4. Emission Control System: Reduces pollutants and harmful emissions released during the incineration process to minimize environmental impact.
5. Waste Feed System: Manages the feeding of waste into the combustion chamber, ensuring a steady and controlled process.

These incinerators help reduce the volume of waste and prevent environmental pollution. They are particularly beneficial in rural areas where waste management infrastructure is limited and not much waste is generated.

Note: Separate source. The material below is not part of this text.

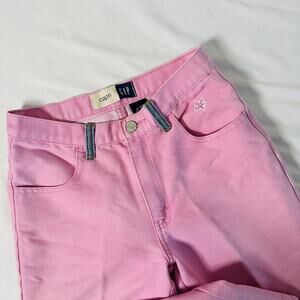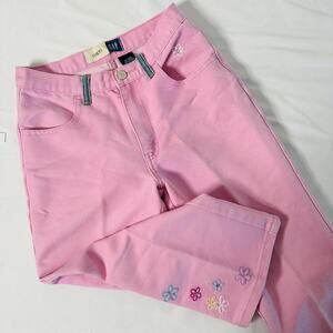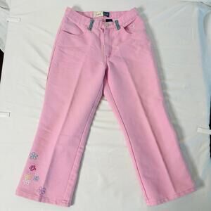 Vintage Deadstock 1990s Gap Pink Denim Floral Embroidered Capri Pants
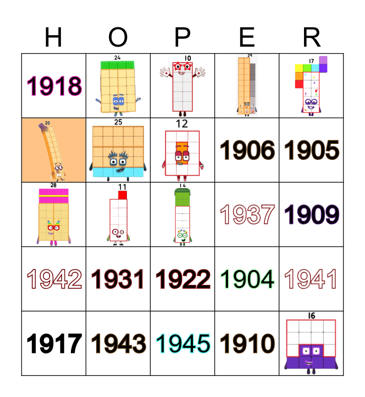 This bingo card has 30 images and 46 words: 1901, 1902, 1903, 1904, 1905, 1906, 1907, 1908, 1909, 1910, 1911, 1912, 1913, 1914, 1915, 1916, 1917, 1918, 1919, 1920, 1921, 1922, 1923, 1924, 1925, 1926, 1927, 1928, 1929, 1930, 1931, 1932, 1933, 1934, 1935, 1936, 1937, 1938, 1939, 1940, 1941, 1942, 1943, 1944, 1945 and 1946.

Description of the environment / site characterization.

 

The project will follow the national environmental legislation to guide activity implementation, this includes laws on forestry, water management, plant protection, public health and hygiene, agrarian reform, land ownership, disaster management, waste management, protected areas, biodiversity conservation and sustainable agricultural practices.

 

The environmental conditions of the project location in Zimbabwe are vulnerable to climate change impacts such as droughts, erratic rainfall, and water scarcity. In Zimbabwe, the project is implemented in Mberengwa District in the Midlands province, a semi-arid area with annual precipitation between 450 mm and 650 mm. The district frequently faces seasonal droughts and severe dry spells, affecting both water availability and agricultural activities. The predominant sandy loam soils support livestock and drought-resistant crops, though illegal mining activities have exacerbated land degradation and water contamination, particularly around critical water sources like rivers and boreholes. The water scarcity challenge is compounded by the long distances that communities must travel to access reliable water sources.

 

To ensure that the project activities do not adversely affect the environment, the project teams will use the Nexus Environmental Assessment Tool (NEAT+). This tool will help identify environmental risks and guide the formulation of mitigation plans based on baseline data collection and community consultation.